Be secure, if you're able, in your hiding place.

He knows where you are in your underground.
He sees what you do even cloaked in secret.
Make yourself ready to meet His Holy Ghost.

Stand up like a man to meet the Savior.
Ask pardon and partake of His bread of life.
Drink the wine from His cup; it's full of mercy.

Run, if you can, into God's loving grace.
You can't hide from His bright light.
His light, if you're willing, will shine through you.


WAGONS TO SPARE
Harding Stedler

I am sending you
some Conestoga wagons
through the mail today,
though some will need refurbishing
before going on the road again.
That trip to Oregon
you've talked about for years
can happen now,
but go before the snow flies.
And fatten the oxen
before you leave
because the trip
will take many weeks.
I've licked the wagons well
so you can cancel your way
across state borders
between here and there.


STORM WARNING
Velvet Fackeldey

You left a path of destruction
in my life that once was calm.
Your unexpected appearance
gave no warning of what was to come.
I was fooled by your pretense
and the discovery
left my heart tossed and torn.
You breezed in and out of my life
like a tornado leaving tears behind.
No time to catch my breath
until you were on your way
searching for another innocent target.


WHAT NOT TO DO YOUR LAST DAY IN CHINA
Tom Padgett

We had seen the panda at the zoo
and sympathized with that big furry
creature suffering in the heat--until
our Chinese guide tore us away, walked
quickly on to speed us through the day
he planned for us. The English slogan
on his shirt should have warned us what
was just ahead: NO PAIN, NO GAIN, it said.

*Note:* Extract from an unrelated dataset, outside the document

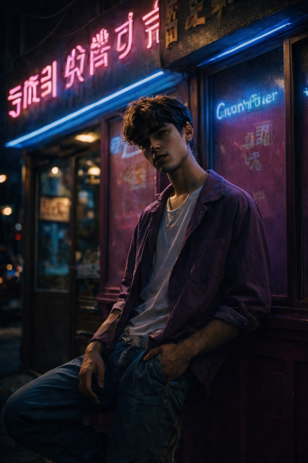 一幅电影感十足的夜间肖像,展现一位年轻人倚靠在桥边,回头凝视镜头,表情宁静而内省,城市在身后熠熠生辉。戏剧性的明亮橙色街灯与青蓝色夜空及深邃阴影形成鲜明对比,柔和的景深虚化、浅景深与细微的模拟颗粒感,赋予画面一种忧郁怀旧、近乎35毫米胶片的美学风格,风格参考 CinneM3n。

As leader of ten American teachers, I
occupied a middle ground, trying to slow
the guide a bit for those always late
wherever we had gone, wherever we would go
on our contract to see the city's sights,
clambering in and out of a hired van
for one more day, then if we were still
alive, catch the Hong Kong train at five.

Two stragglers photographed a bear
from every possible angle. Our guide
kept tapping at his watch. I shrugged,
sent several with him to the van, turned
to stumble over a wall, caught my camera
as I fell, crushed into the rock, and broke
my arm, adding a hospital in Guangzhou
to our list of sights not to be missed.

The "expert" doctor pressed and pulled
and said there was no break, still we should
take x-rays. A helper led me blocks, I swear,
to a dingy room run by someone rousted out,
where sharp intakes of breath informed me he
was wrong, the "expert" who referred me next
to still more medical men to wrap my arm
in a plaster cast and let me go at last.

All this, of course, witnessed by whole halls
of ambulatory patients who wanted me to stay.
The sulky guide was pacified when
I rejoined the group, climbed tall pagodas,
shot many pictures of the goat statue,
paid due respect to schools and auditoriums
honoring Chairman Mao, then caught the train,
quite sure of the pain--not so sure of the gain.